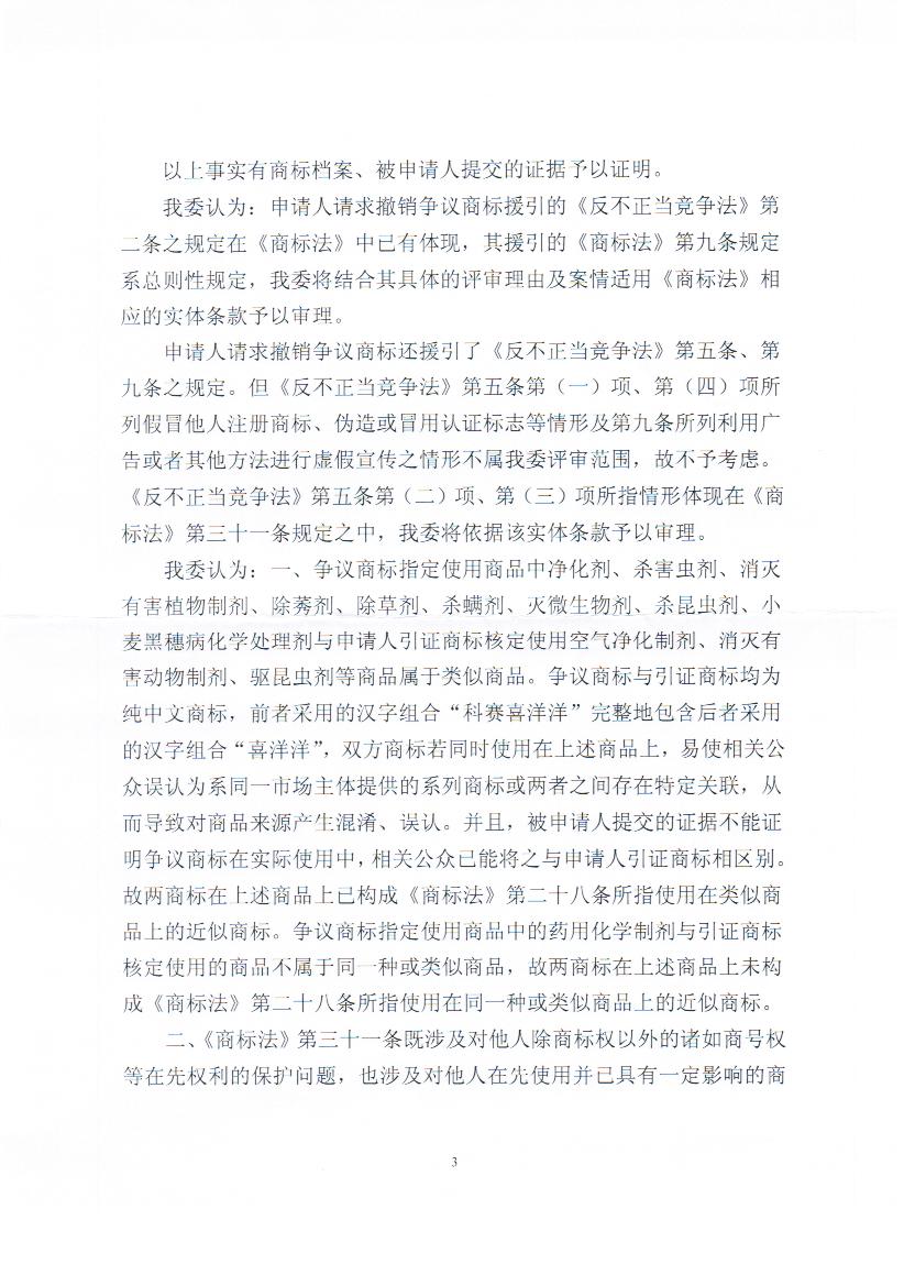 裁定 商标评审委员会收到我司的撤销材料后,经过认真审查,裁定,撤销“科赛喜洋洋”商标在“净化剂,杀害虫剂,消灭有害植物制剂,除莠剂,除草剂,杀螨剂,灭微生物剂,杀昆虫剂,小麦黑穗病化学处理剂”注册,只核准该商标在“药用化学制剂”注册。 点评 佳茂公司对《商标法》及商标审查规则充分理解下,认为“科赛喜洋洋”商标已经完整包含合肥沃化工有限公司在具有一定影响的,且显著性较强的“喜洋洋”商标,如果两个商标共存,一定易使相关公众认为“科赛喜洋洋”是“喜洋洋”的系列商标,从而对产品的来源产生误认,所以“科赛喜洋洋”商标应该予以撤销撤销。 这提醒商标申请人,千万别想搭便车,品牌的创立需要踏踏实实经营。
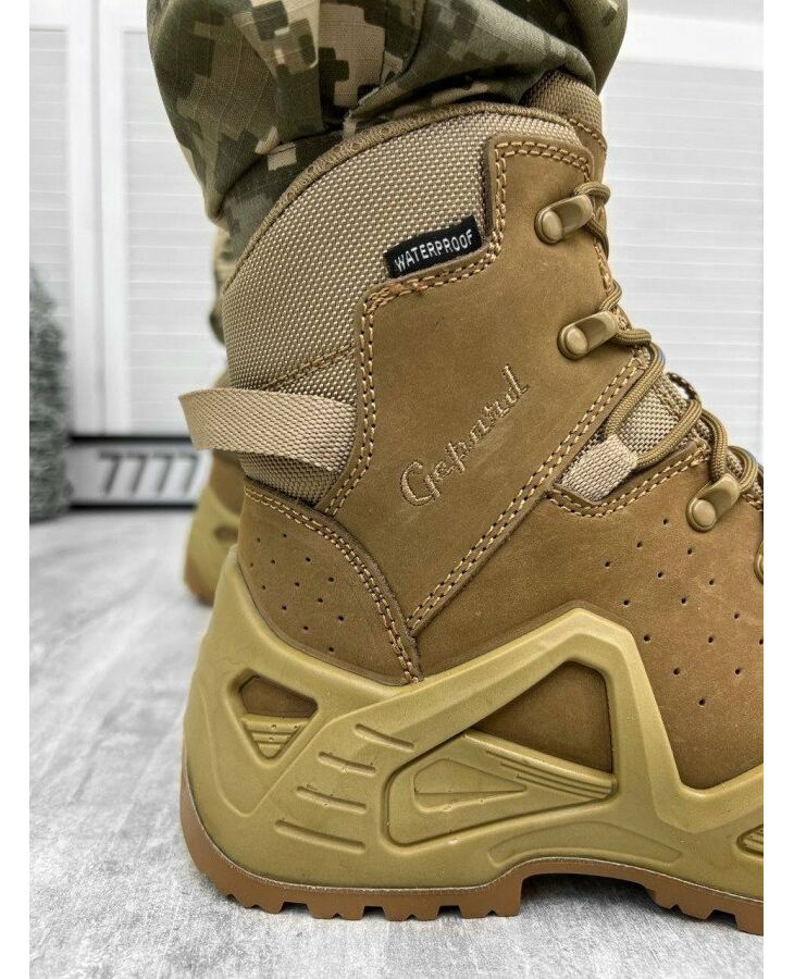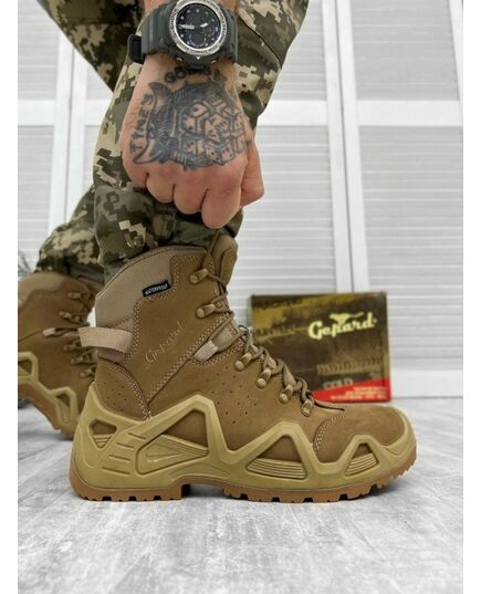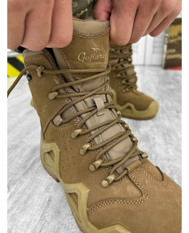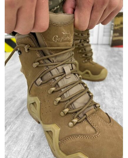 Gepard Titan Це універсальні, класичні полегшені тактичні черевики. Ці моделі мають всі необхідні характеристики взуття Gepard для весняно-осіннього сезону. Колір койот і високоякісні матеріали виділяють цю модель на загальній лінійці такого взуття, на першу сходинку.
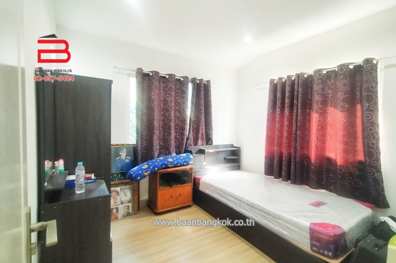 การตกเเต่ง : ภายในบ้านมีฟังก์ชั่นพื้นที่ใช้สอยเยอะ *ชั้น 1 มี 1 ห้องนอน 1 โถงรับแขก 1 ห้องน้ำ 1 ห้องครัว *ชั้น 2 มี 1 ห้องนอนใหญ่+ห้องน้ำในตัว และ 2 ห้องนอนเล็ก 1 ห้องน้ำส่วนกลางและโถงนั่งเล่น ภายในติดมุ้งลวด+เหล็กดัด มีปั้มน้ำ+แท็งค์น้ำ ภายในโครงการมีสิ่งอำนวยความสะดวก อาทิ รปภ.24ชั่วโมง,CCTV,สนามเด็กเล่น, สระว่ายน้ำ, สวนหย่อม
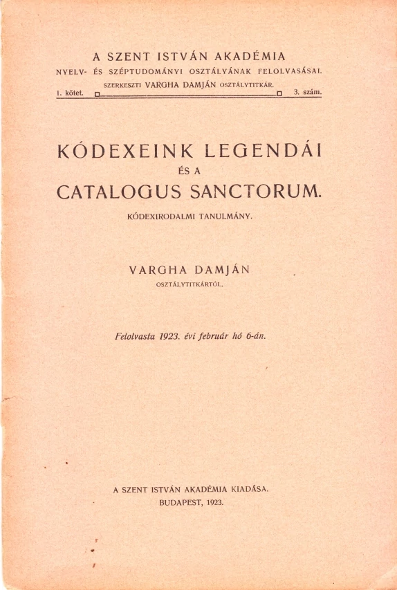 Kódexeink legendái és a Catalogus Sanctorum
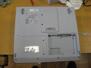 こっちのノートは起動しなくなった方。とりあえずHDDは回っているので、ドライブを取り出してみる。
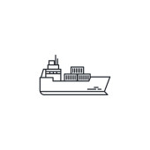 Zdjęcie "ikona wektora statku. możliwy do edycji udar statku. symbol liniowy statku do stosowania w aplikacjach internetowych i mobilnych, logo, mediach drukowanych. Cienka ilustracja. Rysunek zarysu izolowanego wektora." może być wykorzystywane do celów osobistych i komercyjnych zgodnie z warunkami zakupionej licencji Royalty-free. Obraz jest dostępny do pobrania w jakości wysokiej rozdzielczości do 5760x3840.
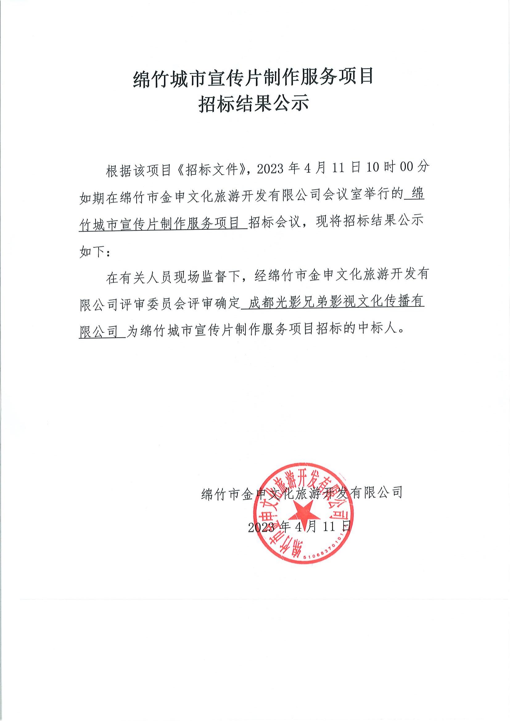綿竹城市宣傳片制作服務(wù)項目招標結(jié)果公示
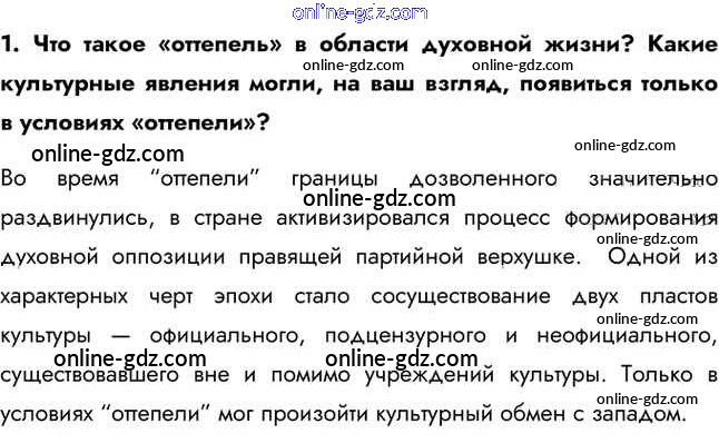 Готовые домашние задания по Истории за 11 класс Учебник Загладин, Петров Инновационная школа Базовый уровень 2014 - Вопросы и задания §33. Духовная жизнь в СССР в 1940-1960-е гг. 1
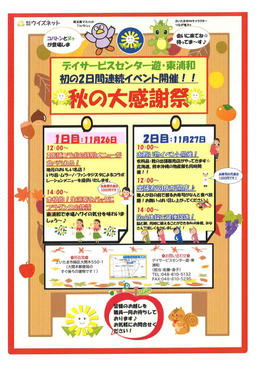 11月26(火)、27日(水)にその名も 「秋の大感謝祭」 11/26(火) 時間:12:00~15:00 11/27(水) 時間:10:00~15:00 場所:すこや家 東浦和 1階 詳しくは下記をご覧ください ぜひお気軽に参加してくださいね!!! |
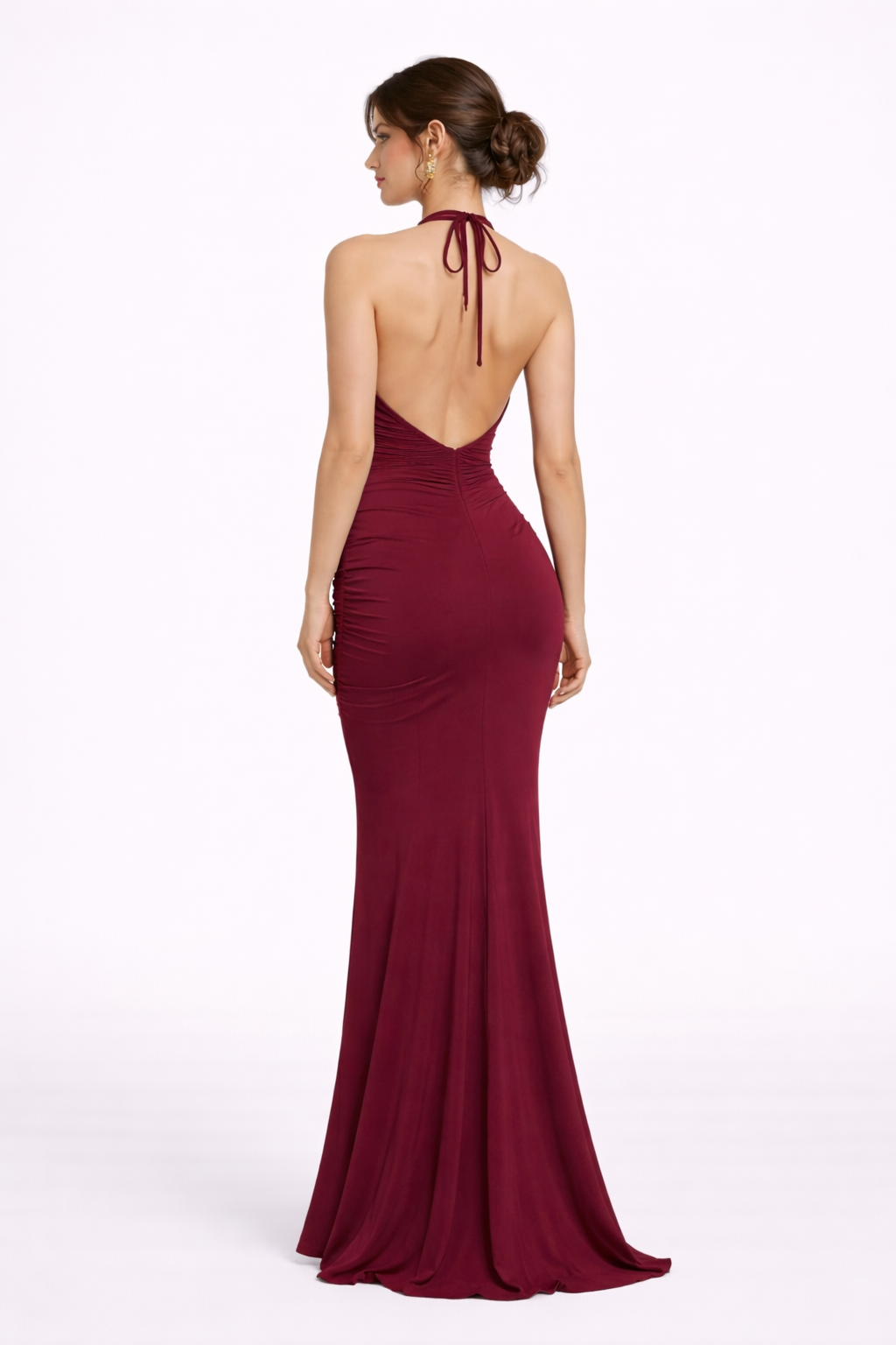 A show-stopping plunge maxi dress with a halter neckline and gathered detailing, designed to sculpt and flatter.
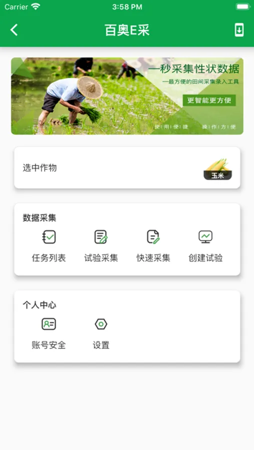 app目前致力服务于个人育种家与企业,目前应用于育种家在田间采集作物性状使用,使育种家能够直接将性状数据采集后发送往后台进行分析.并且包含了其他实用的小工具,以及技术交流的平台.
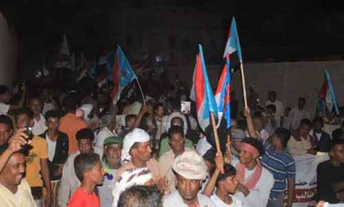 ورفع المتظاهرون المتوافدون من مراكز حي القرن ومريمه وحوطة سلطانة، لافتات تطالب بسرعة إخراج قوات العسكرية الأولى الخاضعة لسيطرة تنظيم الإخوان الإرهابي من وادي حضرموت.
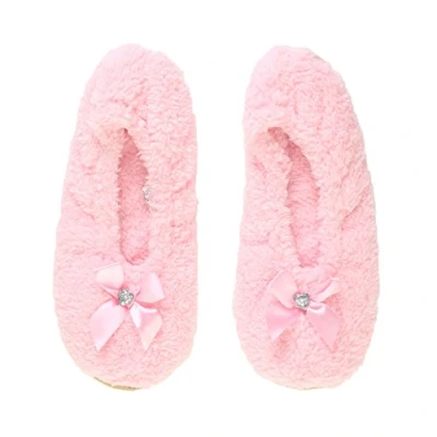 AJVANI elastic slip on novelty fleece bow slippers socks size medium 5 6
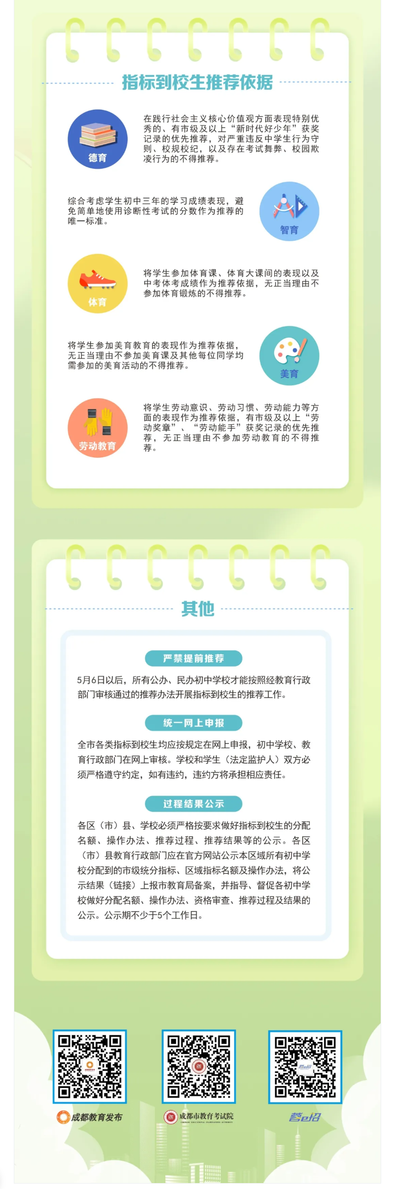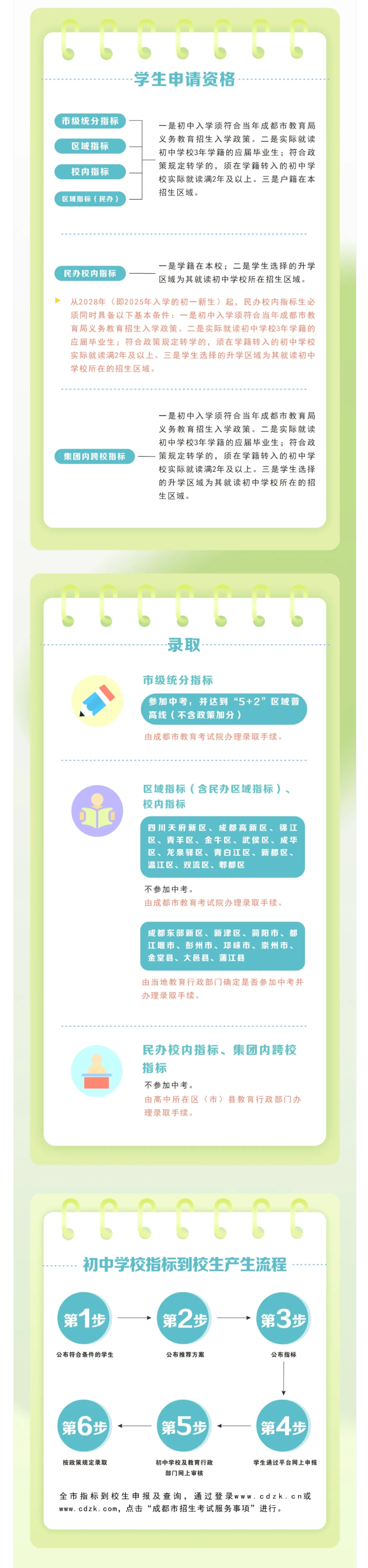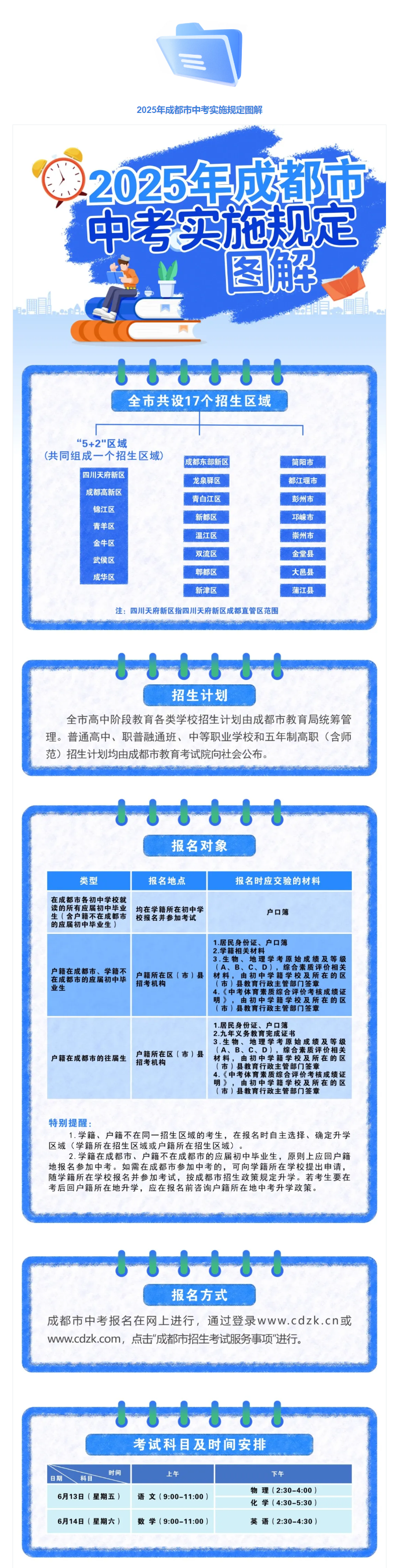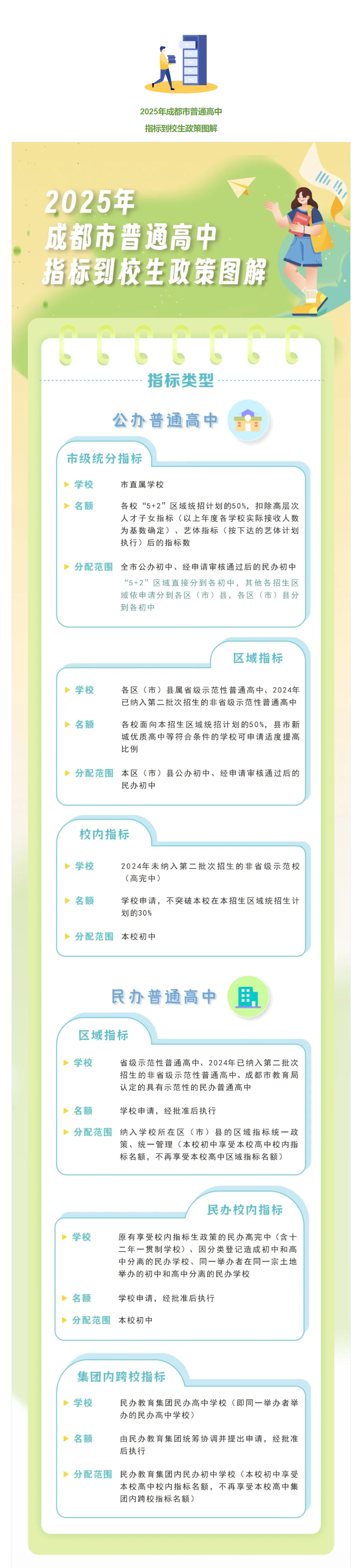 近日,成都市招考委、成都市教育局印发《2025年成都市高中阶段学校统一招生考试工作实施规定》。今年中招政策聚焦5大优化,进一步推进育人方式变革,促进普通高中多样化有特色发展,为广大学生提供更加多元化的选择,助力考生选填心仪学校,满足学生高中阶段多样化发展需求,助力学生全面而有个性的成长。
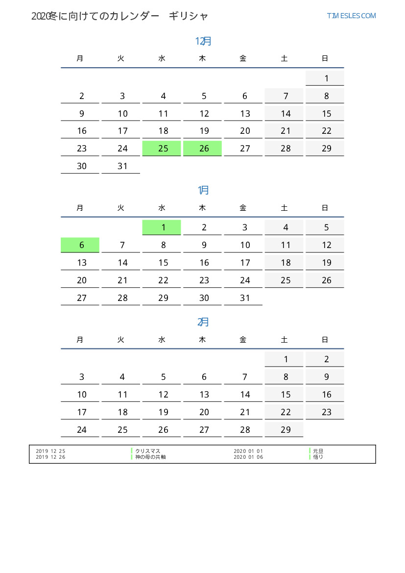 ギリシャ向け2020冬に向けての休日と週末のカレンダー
══════
> What needs to be done:
Restate the data above exactly, stripping out each image.

> Result:
 裁定 商标评审委员会收到我司的撤销材料后,经过认真审查,裁定,撤销“科赛喜洋洋”商标在“净化剂,杀害虫剂,消灭有害植物制剂,除莠剂,除草剂,杀螨剂,灭微生物剂,杀昆虫剂,小麦黑穗病化学处理剂”注册,只核准该商标在“药用化学制剂”注册。 点评 佳茂公司对《商标法》及商标审查规则充分理解下,认为“科赛喜洋洋”商标已经完整包含合肥沃化工有限公司在具有一定影响的,且显著性较强的“喜洋洋”商标,如果两个商标共存,一定易使相关公众认为“科赛喜洋洋”是“喜洋洋”的系列商标,从而对产品的来源产生误认,所以“科赛喜洋洋”商标应该予以撤销撤销。 这提醒商标申请人,千万别想搭便车,品牌的创立需要踏踏实实经营。
 Gepard Titan Це універсальні, класичні полегшені тактичні черевики. Ці моделі мають всі необхідні характеристики взуття Gepard для весняно-осіннього сезону. Колір койот і високоякісні матеріали виділяють цю модель на загальній лінійці такого взуття, на першу сходинку.
 การตกเเต่ง : ภายในบ้านมีฟังก์ชั่นพื้นที่ใช้สอยเยอะ *ชั้น 1 มี 1 ห้องนอน 1 โถงรับแขก 1 ห้องน้ำ 1 ห้องครัว *ชั้น 2 มี 1 ห้องนอนใหญ่+ห้องน้ำในตัว และ 2 ห้องนอนเล็ก 1 ห้องน้ำส่วนกลางและโถงนั่งเล่น ภายในติดมุ้งลวด+เหล็กดัด มีปั้มน้ำ+แท็งค์น้ำ ภายในโครงการมีสิ่งอำนวยความสะดวก อาทิ รปภ.24ชั่วโมง,CCTV,สนามเด็กเล่น, สระว่ายน้ำ, สวนหย่อม
 Kódexeink legendái és a Catalogus Sanctorum
 こっちのノートは起動しなくなった方。とりあえずHDDは回っているので、ドライブを取り出してみる。
 Zdjęcie "ikona wektora statku. możliwy do edycji udar statku. symbol liniowy statku do stosowania w aplikacjach internetowych i mobilnych, logo, mediach drukowanych. Cienka ilustracja. Rysunek zarysu izolowanego wektora." może być wykorzystywane do celów osobistych i komercyjnych zgodnie z warunkami zakupionej licencji Royalty-free. Obraz jest dostępny do pobrania w jakości wysokiej rozdzielczości do 5760x3840.
綿竹城市宣傳片制作服務(wù)項目招標結(jié)果公示
 Готовые домашние задания по Истории за 11 класс Учебник Загладин, Петров Инновационная школа Базовый уровень 2014 - Вопросы и задания §33. Духовная жизнь в СССР в 1940-1960-е гг. 1
 11月26(火)、27日(水)にその名も 「秋の大感謝祭」 11/26(火) 時間:12:00~15:00 11/27(水) 時間:10:00~15:00 場所:すこや家 東浦和 1階 詳しくは下記をご覧ください ぜひお気軽に参加してくださいね!!! |
 A show-stopping plunge maxi dress with a halter neckline and gathered detailing, designed to sculpt and flatter.
 app目前致力服务于个人育种家与企业,目前应用于育种家在田间采集作物性状使用,使育种家能够直接将性状数据采集后发送往后台进行分析.并且包含了其他实用的小工具,以及技术交流的平台.
 ورفع المتظاهرون المتوافدون من مراكز حي القرن ومريمه وحوطة سلطانة، لافتات تطالب بسرعة إخراج قوات العسكرية الأولى الخاضعة لسيطرة تنظيم الإخوان الإرهابي من وادي حضرموت.
 AJVANI elastic slip on novelty fleece bow slippers socks size medium 5 6
 近日,成都市招考委、成都市教育局印发《2025年成都市高中阶段学校统一招生考试工作实施规定》。今年中招政策聚焦5大优化,进一步推进育人方式变革,促进普通高中多样化有特色发展,为广大学生提供更加多元化的选择,助力考生选填心仪学校,满足学生高中阶段多样化发展需求,助力学生全面而有个性的成长。
 ギリシャ向け2020冬に向けての休日と週末のカレンダー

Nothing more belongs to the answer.